Lining up a majority of council members to agree to appropriate $40,000 on a search firm might prove difficult, given the frustrations that arose at the Metro Council about conducting a national search for the airport director.

Some Metro Council members wanted to appoint Interim Aviation Director Ralph Hennessy to the permanent job without any search.

Although the committee should recommend three finalists to become the aviation director, the council has decision-making power over who gets the job.

Before the committee began its meeting on Thursday, Metro Councilwoman Barbara Freiberg  questioned Marston Fowler from the Parish Attorney's office about the public records aspects of their aviation director search.

Freiberg asked if people submit resumes for the job, but do not submit a full-fledged application, whether their names would still fall under public records laws. She said the airport was likely to miss out on good applicants for the job if people were concerned about their names becoming public.

Fowler referenced a high-profile lawsuit that started in 2013 when The Advocate and The Times-Picayune sued LSU for the names of the applicants who applied for the LSU president position.
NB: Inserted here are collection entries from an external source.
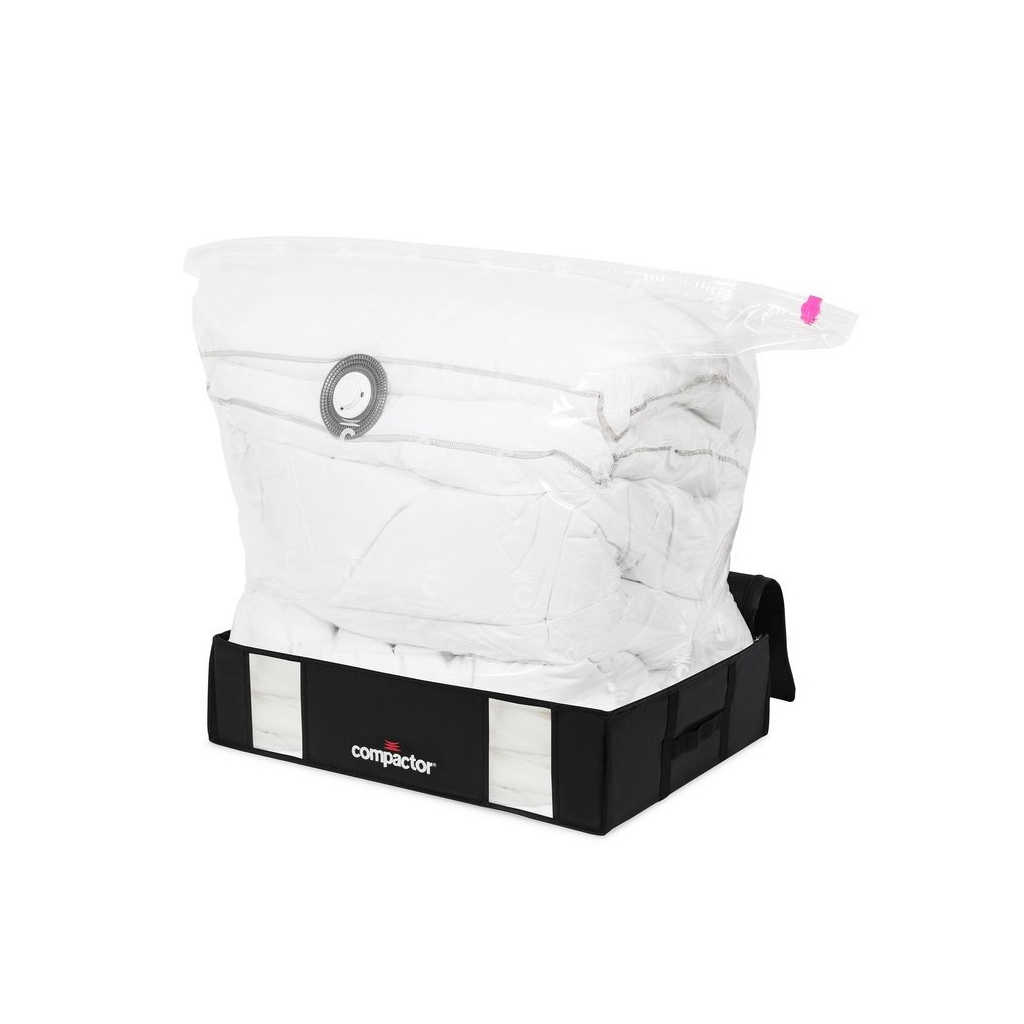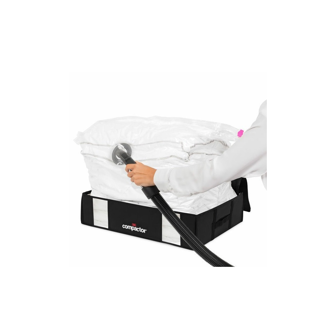 Kompresní vak je praktickým doplňkem do kanceláří i do domácností. Disponuje rozměry 65 × 50 × 15,5 cm a jeho největší výhodou je komprese uskladněných textilií až o 75 %.
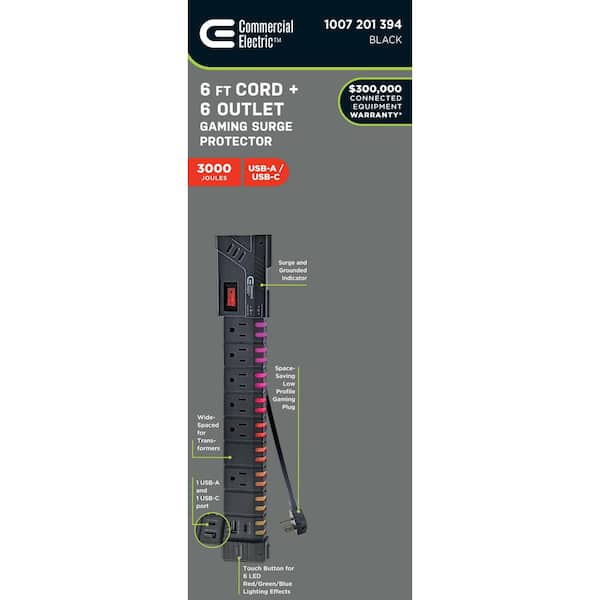 6 ft. 6-Outlet RGB Gaming Surge Protector with 1 USB-A and 1 USB-C, Black
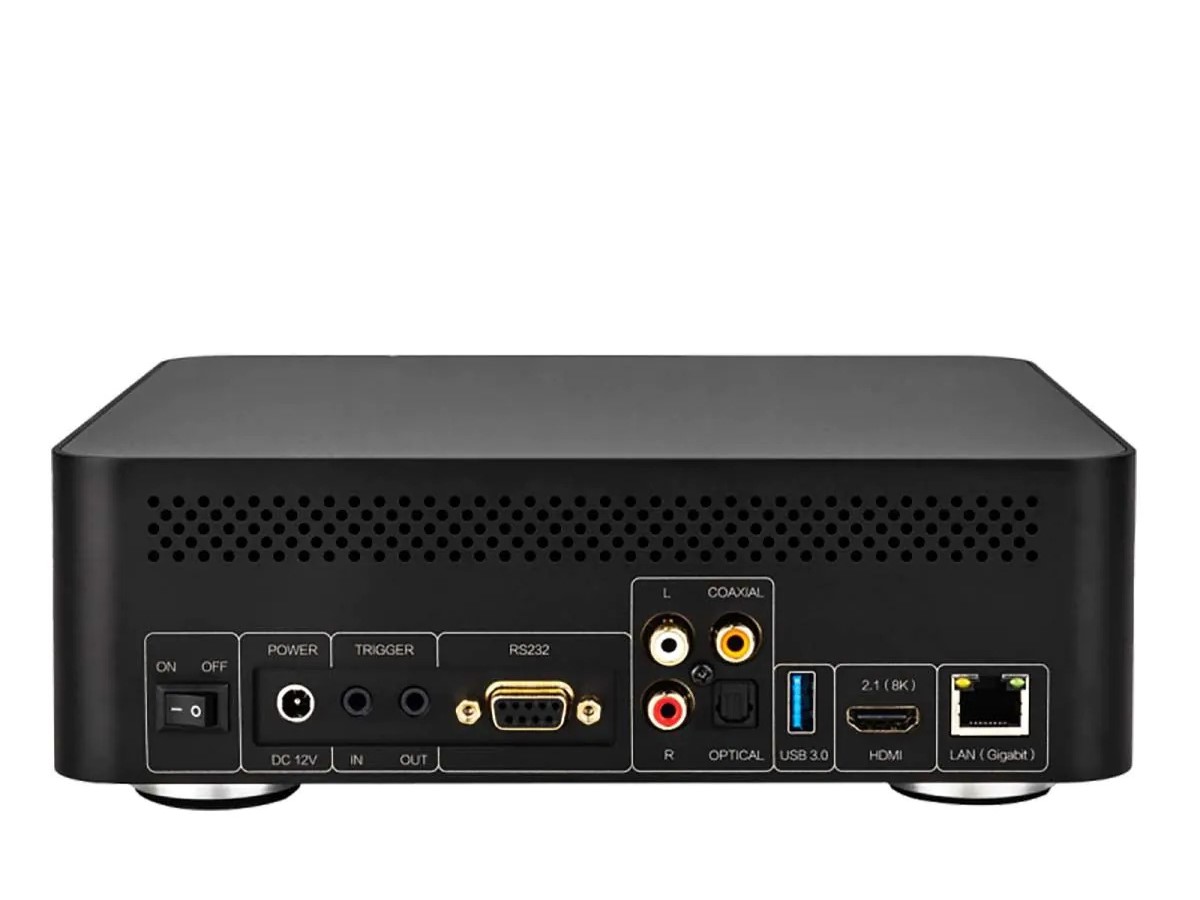 An internal 3.5" SATA 3.0 HDD bay supports capacities up to 24TB, enabling local playback of large movie/music libraries and reducing dependency on external USB storage for high-bitrate content.
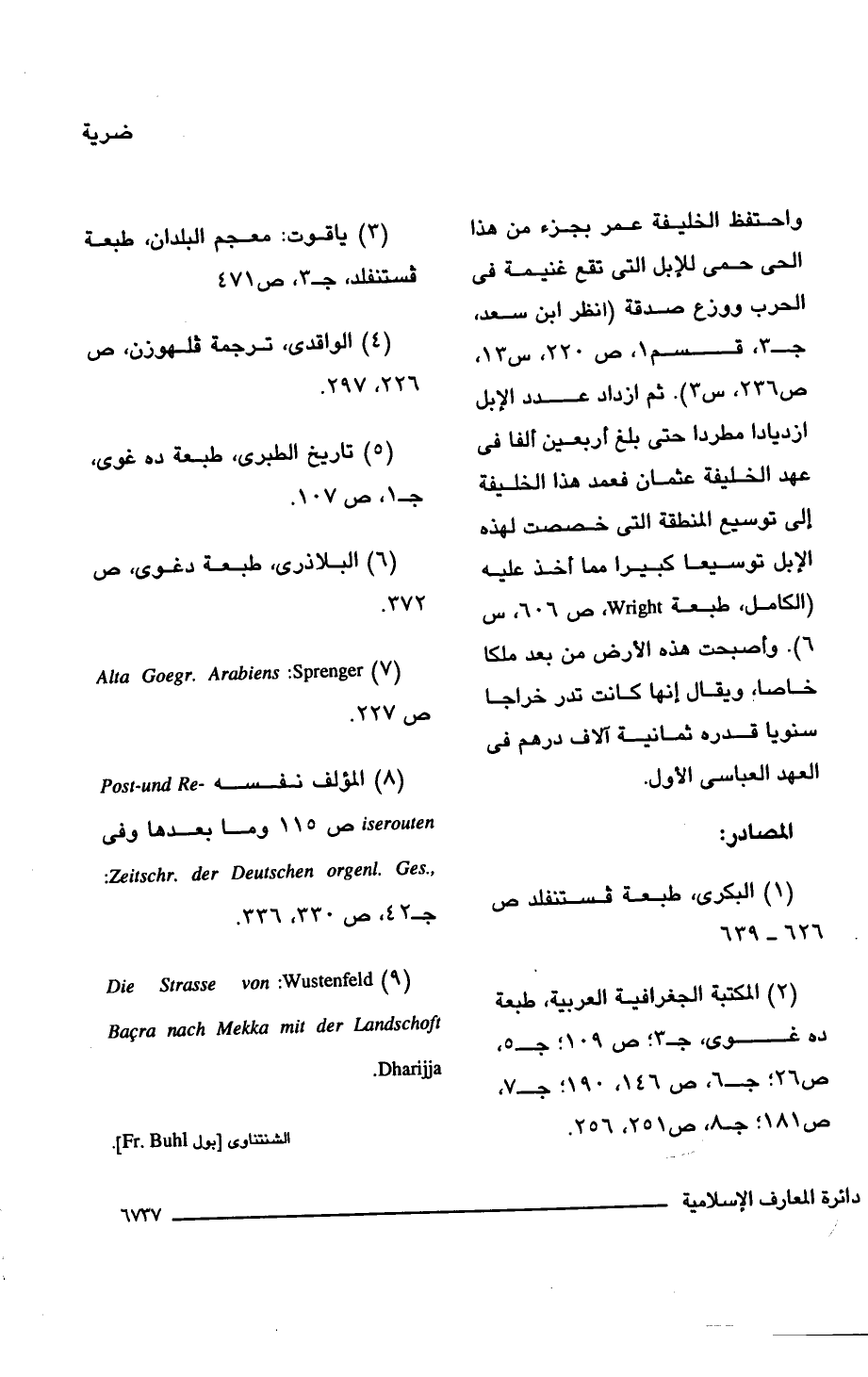 واحتفظ الخليفة عمر بجزء من هذا الحى حمى للإبل التى تقع غنيمة فى الحرب ووزع صدقة (انظر ابن سعد، جـ 3، قسم 1، ص 220، س 13، ص 236, س 3). ثم ازداد عدد الإبل ازديادا مطردا حتى بلغ أربعين ألفا فى عهد الخليفة عثمان فعمد هذا الخليفة إلى توسيع المنطقة التى خصصت لهذه الإبل توسيع كبيرا مما أخذ عليه (الكامل، طبعة Wright، ص 606، س 6). وأصبحت هذه الأرض من بعد ملكا خاصا، ويقال إنها كانت تدر خراجا سنويا قدره ثمانية آلف درهم فى العهد العباسى الأول.

At the time, LSU only released the name of its "sole finalist," F. King Alexander, who is the current university president and chancellor. LSU did not respond to various public records requests regarding the people university leaders vetted and interviewed during the search.

A state 1st Circuit Court of Appeal panel ruled in 2015 that LSU was required to release the names of the four finalists for the position.

Fowler advised Freiberg about one major argument in the lawsuit, which stemmed from differing definitions of "applicant." He said the question that would arise would, again, be whether someone who submitted a resume would be considered an applicant for the job.